Information given:
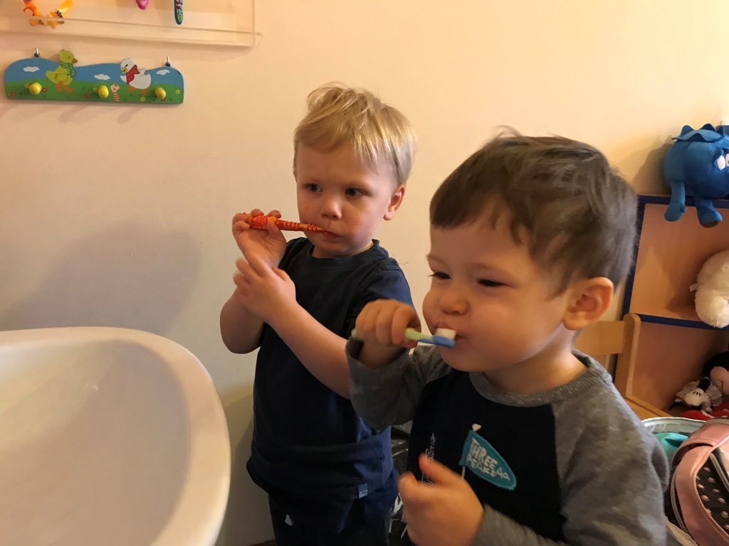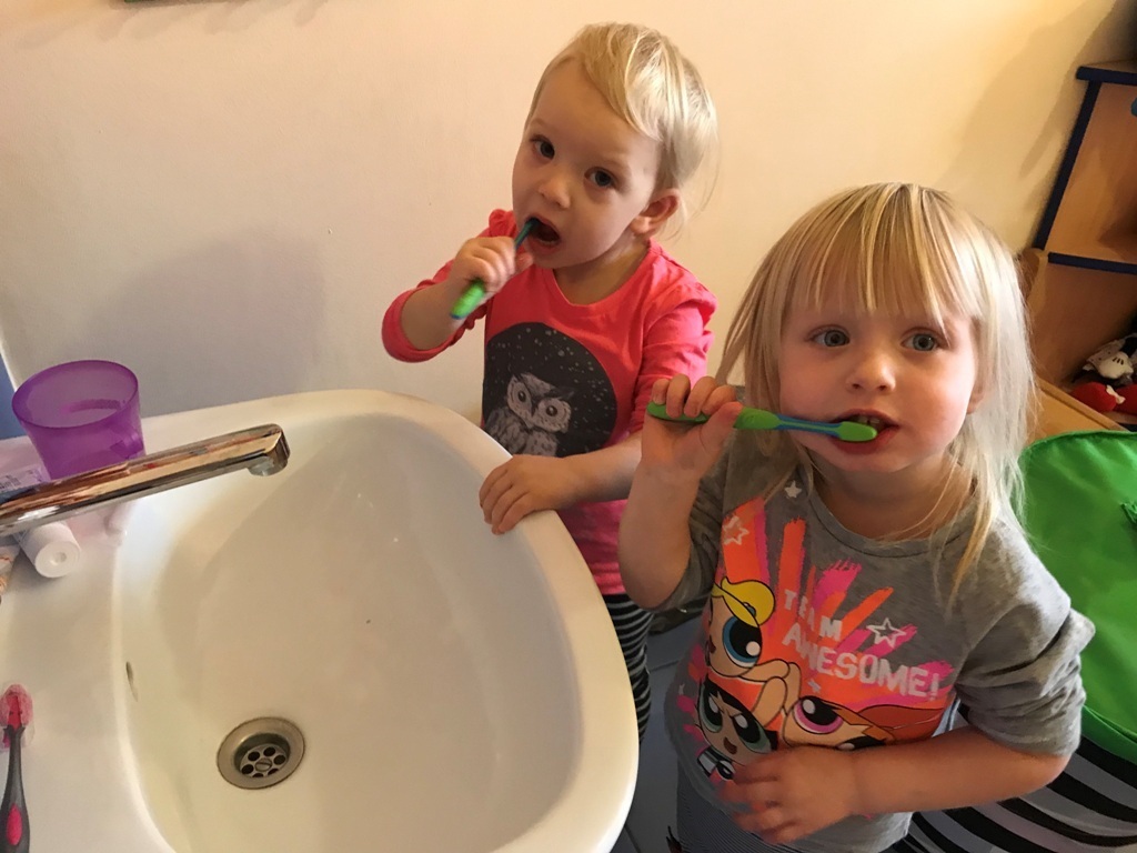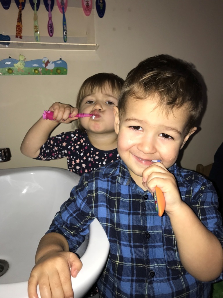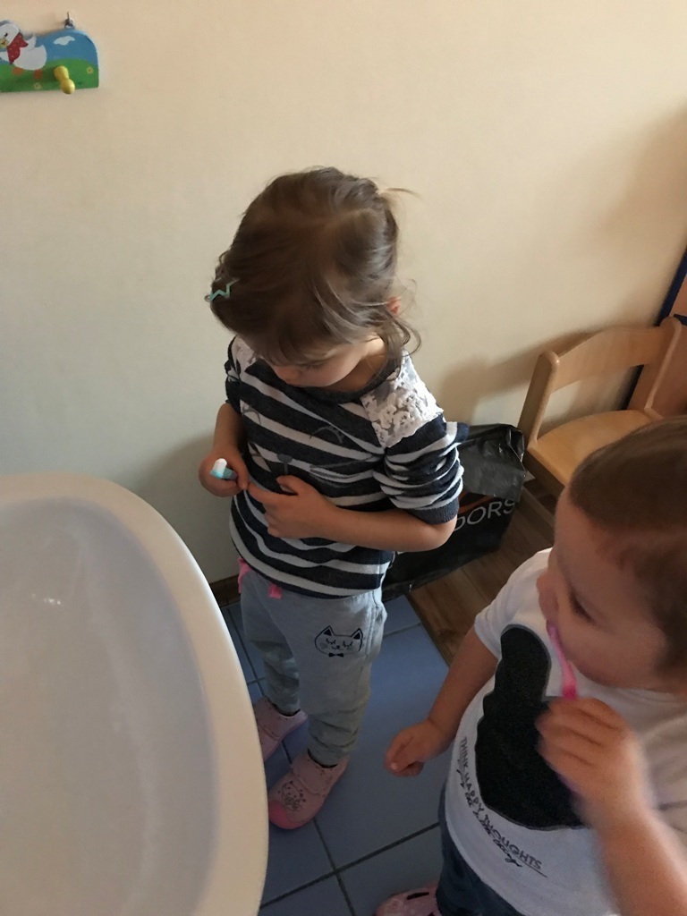 W dniu dzisiejszym grupa Smerfów zakończyła cykl zajęć dotyczących zdrowia. Ostatnie dwa dni Maluszki spędziły na przygotowaniach do samodzielnego mycia zębów. Najpierw ćwiczyliśmy ruchy szczoteczki na płaskim szablonie przedstawiającym górną i dolną szczękę. Kolejnym etapem było szczotkowanie przestrzenne modelu zęba wykonanego z denka plastikowej butelki. Tak przygotowane Smerfy podjęły wyzwanie i wyszczotkowały swoje ząbki. Każdy z przejęcia starał się najlepiej wykonać nauczone ruchy. Z dumą możemy się pochwalić,że najmłodsze przedszkolaki zadanie wykonały idealnie, jak na możliwościowi swoich małych rączek.
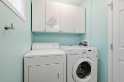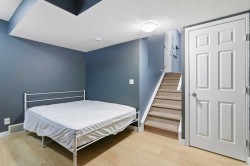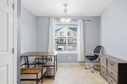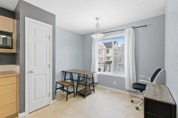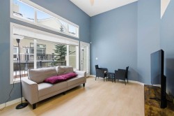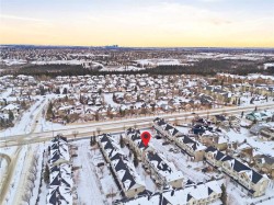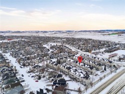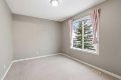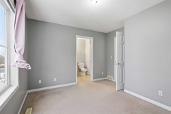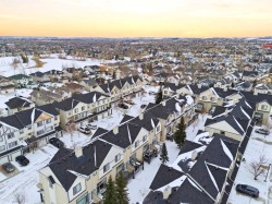 Beautiful sunny end-unit townhome located steps from Fish Creek Park. This low-maintenance townhouse backs onto a green space and features a private deck. The oversized living room offers 14-ft ceilings and tall windows for excellent natural light. Spacious kitchen with maple cabinets, upgraded laminate flooring, black appliances, and a bright breakfast nook.The home includes two primary suites, each with large closets and private ensuites. The lower-level flex space is ideal for a family room, office, gym, or playroom. Attached single garage plus driveway parking. Small pets allowed. Easy access in and out of the complex.
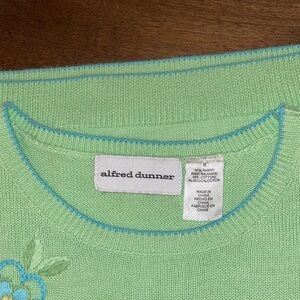 Alfred Dunner Green Butterfly & Floral Embroidered Short Sleeve Sweater Sz. S
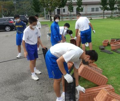 花いっぱい運動で地域の方に育ててもらった花を回収し、プランターの清掃をしています。育ててくださった方々にお礼を言いました。
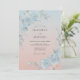 This artwork features a soft ombre background transitioning from a cool sky blue to a warm peachy pink. Elegant watercolor roses in shades of dusty blue adorn the corners, accompanied by delicate green foliage. The aesthetic is ethereal and romantic, perfect for a whimsical seasonal event. A palette of pastel tones creates a serene and polished atmosphere.
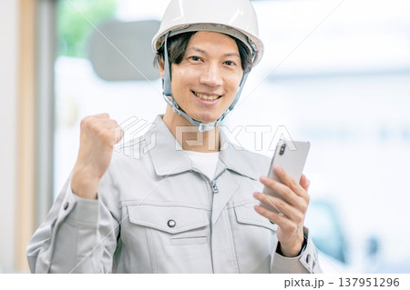 作業服を着た男性がスマホを持っている
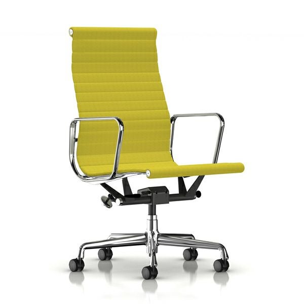 イームズアルミナムグループ エグゼクティブチェア イームズアルミナムグループ エグゼクティブチェア 座面高さ調節:ガス圧シリンダー/キャスター:カーペット用/ベース:アルミバフ/フレーム:アルミバフ/張地:ホップサック(イエローダーク)
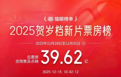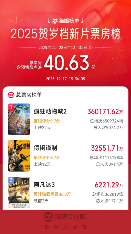 截至12月17日,2025年賀歲檔新片總票房(含預(yù)售)已突破40億元,較去年同期大幅增長超20億元,市場熱度顯著攀升。迪士尼現(xiàn)象級動畫《瘋狂動物城2》以超過36億元的票房成績持續(xù)領(lǐng)跑;正午陽光首部院線電影《得閑謹制》票房突破3億元,暫列檔期票房榜第二位。

About this exercise:
Here the job is to output the lines from the top of the listing through the line holding "花いっぱい運動で地域の方に育", word for word and without pictures.

Problem solution:
 W dniu dzisiejszym grupa Smerfów zakończyła cykl zajęć dotyczących zdrowia. Ostatnie dwa dni Maluszki spędziły na przygotowaniach do samodzielnego mycia zębów. Najpierw ćwiczyliśmy ruchy szczoteczki na płaskim szablonie przedstawiającym górną i dolną szczękę. Kolejnym etapem było szczotkowanie przestrzenne modelu zęba wykonanego z denka plastikowej butelki. Tak przygotowane Smerfy podjęły wyzwanie i wyszczotkowały swoje ząbki. Każdy z przejęcia starał się najlepiej wykonać nauczone ruchy. Z dumą możemy się pochwalić,że najmłodsze przedszkolaki zadanie wykonały idealnie, jak na możliwościowi swoich małych rączek.
 Beautiful sunny end-unit townhome located steps from Fish Creek Park. This low-maintenance townhouse backs onto a green space and features a private deck. The oversized living room offers 14-ft ceilings and tall windows for excellent natural light. Spacious kitchen with maple cabinets, upgraded laminate flooring, black appliances, and a bright breakfast nook.The home includes two primary suites, each with large closets and private ensuites. The lower-level flex space is ideal for a family room, office, gym, or playroom. Attached single garage plus driveway parking. Small pets allowed. Easy access in and out of the complex.
 Alfred Dunner Green Butterfly & Floral Embroidered Short Sleeve Sweater Sz. S
 花いっぱい運動で地域の方に育ててもらった花を回収し、プランターの清掃をしています。育ててくださった方々にお礼を言いました。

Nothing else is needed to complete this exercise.